The worker client(s) 104 and the manager client 105 are representative of a plurality of client devices that may be coupled to the network 107. The worker client(s) 104 and the manager client 105 may each comprise, for example, a processor-based system such as a computer system. Such a computer system may be embodied in the form of a desktop computer, a laptop computer, personal digital assistants, cellular telephones, smartphones, set-top boxes, music players, web pads, tablet computer systems, game consoles, electronic book readers, or other devices with like capability. In one embodiment, the worker client(s) 104 and the manager client 105 may each include a display 144. The display 144 may include, for example, one or more devices such as liquid crystal displays (LCD), gas plasma-based flat panel displays, organic light emitting diode (OLED) displays, electrophoretic ink (E ink) displays, LCD projectors, or other types of display devices, etc.

The worker client(s) 104 and the manager client 105 may be configured to execute various applications such as a client application 147 and/or other applications. The client application 147 may be executed in a worker client 104 and/or manager client 105, for example, to access network content served up by the computing environment 101 and/or other servers. To this end, the client application 147 may include, for example, a browser, a dedicated application, etc. The worker client(s) 104 and manager client 105 may be configured to execute applications beyond the client application 147 such as, for example, email applications, social networking applications, word processors, spreadsheets, or other applications.

After determining the estimated work 150 for each processing stage 127 during each of the shifts 146, the labor planning application 114 may determine a takt time 135 from which an estimated processing time can be determined. This may include, for example, loading a takt time 135 defined with respect to the action 152 corresponding to the worker processing stage 127. In implementations in which a takt time 135 may be defined with respect to a classification 124, this may also comprise determining a classification 124 of the work units 120 awaiting processing. This may be performed by loading or referencing an inventory indicating a predefined classification 124. In implementations in which the processing stage 127 performs actions 131 on a designated classification 124 of work units 120, this may comprise loading the designated classification 124 corresponding to the processing stage 127.

In other implementations, this may comprise obtaining attributes of the work unit 120 or the included items 122 and applying rules to determine the classification 124. For example, rules may be applied to the dimensions of a box work unit 120 to determine a size classification 124 for the work unit 120 or for the items 122. As another example, an attribute of an item 122 may indicate that the item 122 is fragile. A rule may be applied to this attribute to determine that the work unit 120 should include a fragile classification 124. Rules may also be applied to other attributes of work units 120 or items 122 to determine a classification 124.

In some implementations, a processing stage 127 may have pending work units 120 and new work units 120 identified from the delivery schedule 130 belonging to multiple distinct classifications 124. In such an implementation, the labor planning application 114 may load multiple takt times 135 corresponding to each of the represented classifications 124.

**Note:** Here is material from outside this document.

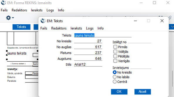 Laukā “Stils” varat izvēlēties piemērotu fontu ar taustiņu kombināciju Ctrl+Enter.

After determining the takt times 135, the labor planning application 114 may determine the worker allocation 128 indicating an estimated quantity of workers to complete the action 152 corresponding to the processing stage 127 on the estimated work 150 for each of the shifts 146. This may include multiplying a quantity of work units 120 of the estimated work 150 for each of the processing stages 127 for each shift 146 by the takt time 135 to determine an estimated processing time for a normalized worker (or a group of normalized workers) per processing stage 127 per shift 146. Having identified the estimated processing time per normalized worker(s) for each processing stage 127 during each shift 146, the labor planning application 114 uses the shift schedule 140 to determine the worker count 142 for each of the shifts 146 (e.g., a quantity of workers available for each of the shifts 146). In an embodiment, the labor planning application 114 may then allocate the worker count 142 available for each shift 146 to the multiple processing stages 127 based on the estimated processing time for each of the processing stages 127.

In an embodiment, the labor planning application 114 determines a total estimated processing time for the multiple processing stages 127 during a shift 146. The labor planning application 114 further determines a percentage of estimated processing time for each individual processing stage 127 of the total estimated processing time during the shift 146. The labor planning application 114 determines a product of the worker count 142 for the shift 146 and the estimated processing time percentage for each processing stage 127 to determine the worker allocations 128 for each of the processing stages 127.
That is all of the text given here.